Sumber lainnya menyebutkan, Maha Rsi Markandeya pindah bersama rombongan sebanyak sekitar 8.000 orang dan Gunung Raung di Jawa Timur ke Bali untuk menetap dan membuka tanah-tanah pertanian serta mendirikan Pura Besakih untuk tempat memo- hon keselamatan dan kesejahteraan dengan menanam panca datu. 

Kemudian, pada masa benikutnya, zaman pemerintahan Shri Wira Kesari Warmadewa sampai masa pemerintahan Dalem Waturenggong, Pura Besakih tetap mendapatkan pemeliharaan yang baik.

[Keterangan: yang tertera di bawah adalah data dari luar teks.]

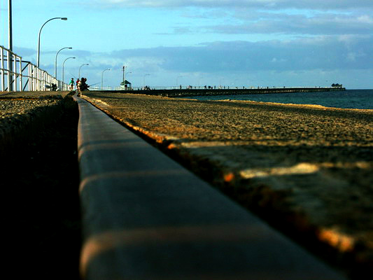 Letztes Ziel auf unserer Reise vor dem Rückweg, die 2km lange Jetty in Busselton. Wegen des flachen Ufers müssen Schiffe weit draußen entladen werden.
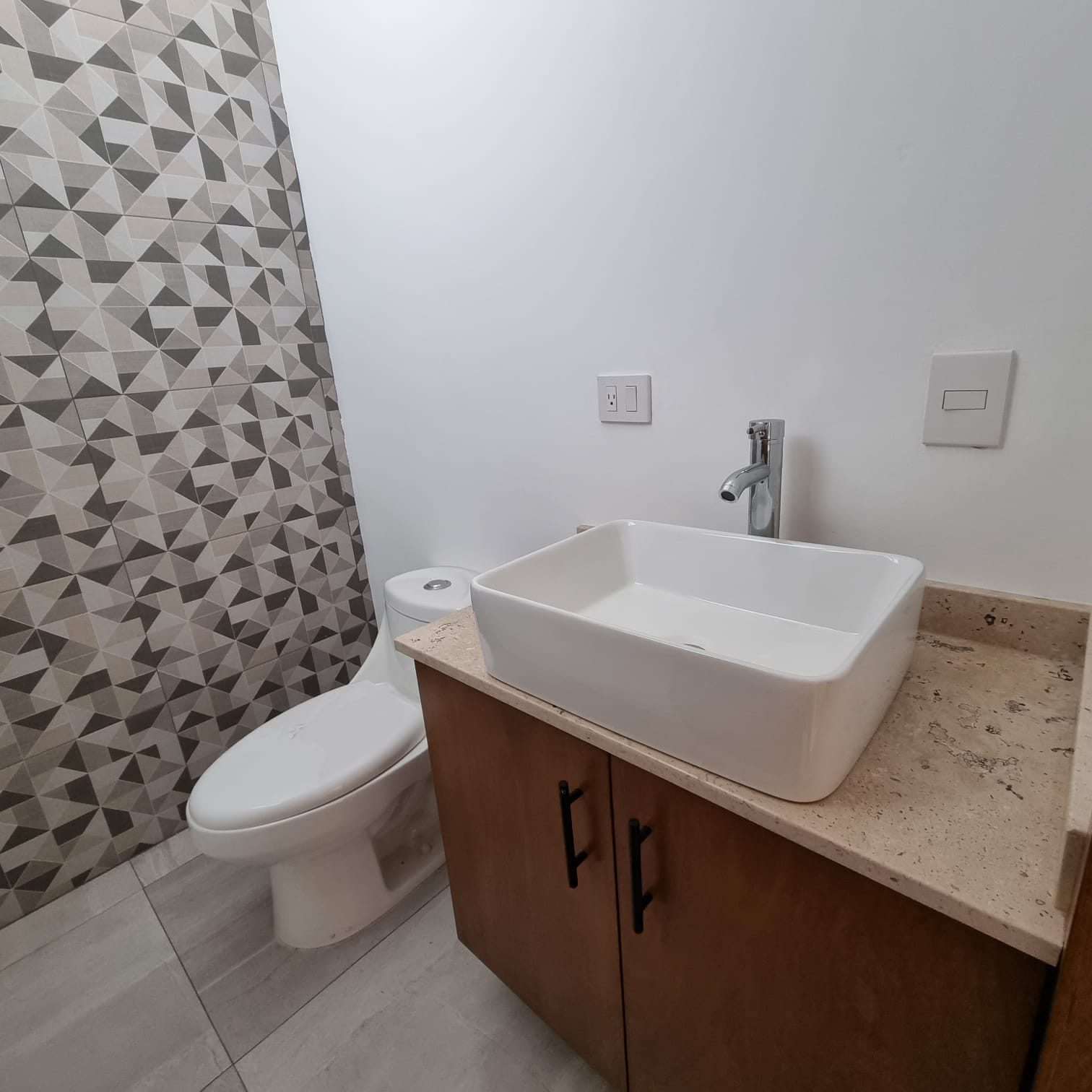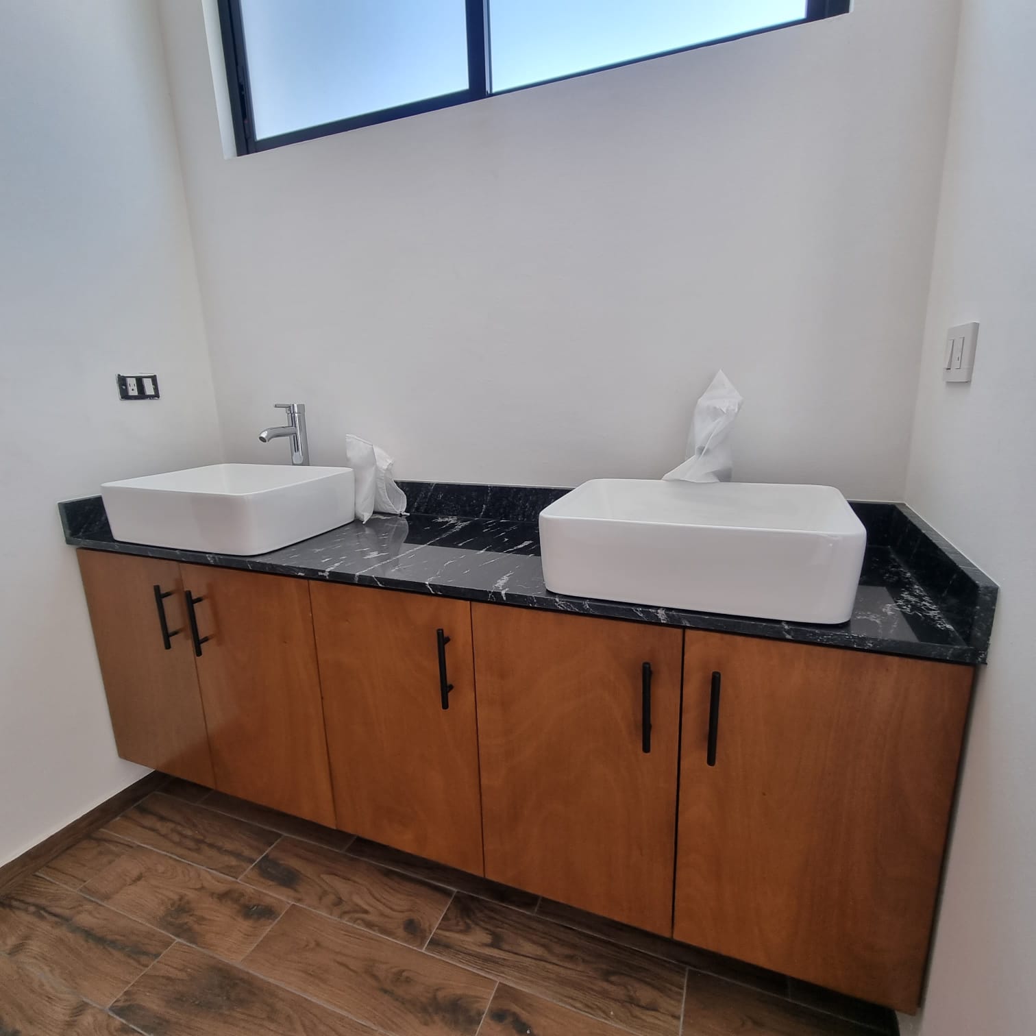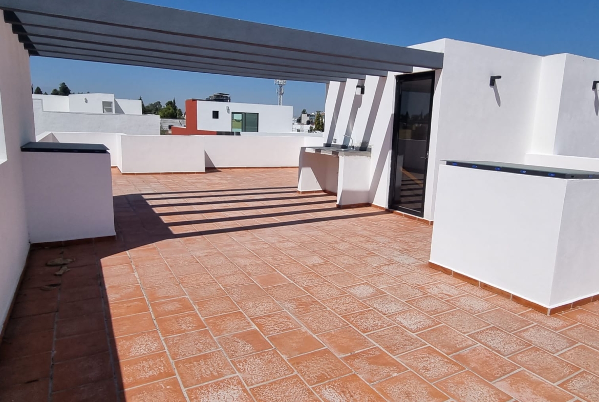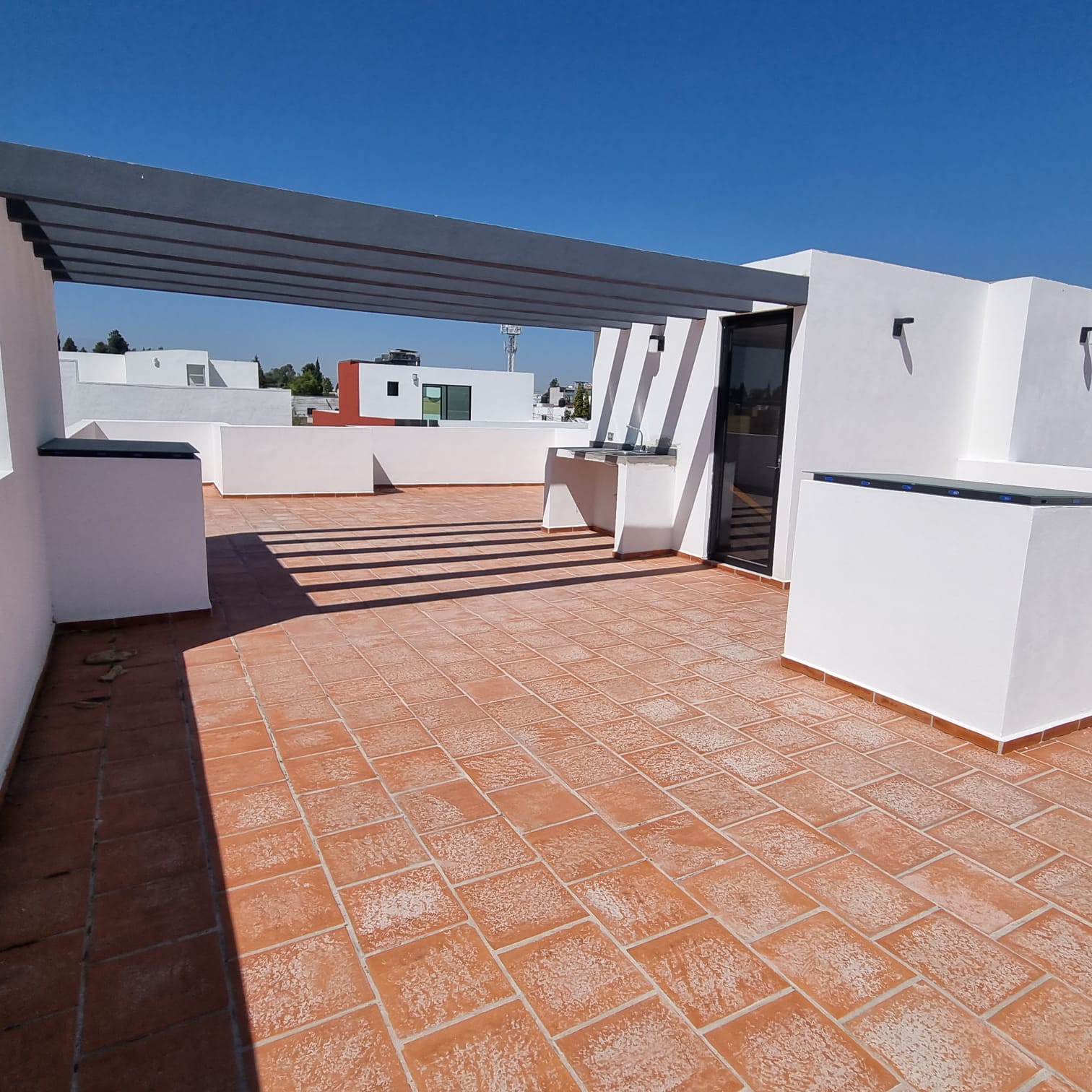 Planta Baja: Cochera para 2 autos, 1/2 Baño, Bodega, Cocina, Sala, Comedor, Jardín. Primer Nivel: Baño Completo, 2 Recámaras Secundarias, Recámara Principal con Vestidor y Baño Completo, Sala de TV. Roof: Roof con tarja, Salón Múltiple, Área de Lavado.
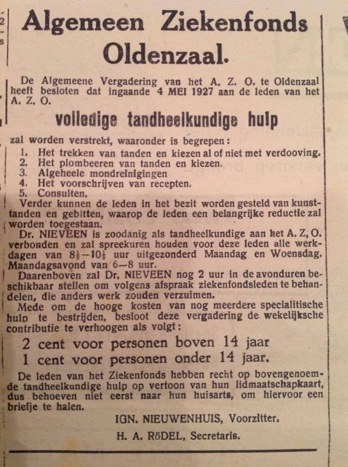 We gaan weer naar de overkant en zien dat naast de vroegere winkel van Grönefeld het kantoor van Algemeen Ziekenfonds Oldenzaal (AZO) was gevestigd.
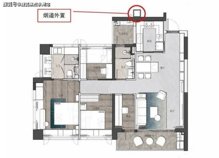 ▲ 图25 烟道外置,保证了厨房空间的完整

Hampir semua pelinggih-nya diperbaiki, arealnya diperluas, bahkan oleh Dang Hyang Dwijendra atau Pedanda Sakti Wawu Rauh ditambah dengan pelinggih beruang tiga yang sekarang terdapat di Pura Penataran Agung Besakih pada sekitar abad ke-16, pada masa pemerintahan Dalem Waturenggong di Bali. 

Disebutkan, kata besakih berasal dari kata basuki yang berarti “selamat”. Kata ini berkembang menjadi basukir dan basukih, lalu menjadi besakih. Nama ini terdapat dalam dua prasasti yang disimpan di Gedong Penyimpenan di Natar Agung, sebuah prasasti di Merajan Selonding dan satu lagi di Pura Gaduh Sakti di Desa Selat. 

Fungsi umum Pura Besakih adalah sebagai tempat bagi umat Hindu untuk memohon keselamatan. Pada waktu Bhatara Turun Kabeh yang jatuh pada setiap purnama sasih kedasa (sekitar Oktober) setiap tahunnya, seluruh umat Hindu datang berduyun-duyun untuk menyampaikan sujud baktinya pada Tuhan. Di pura ini juga diadakan upacara Panca Wali Krama setiap 10 tahun sekali dan yang terbesar adalah upacara Eka Dasa Ludra setiap 100 tahun sekali. Upacara Eka Dasa Ludra terakhir dilaksanakan pada 1979.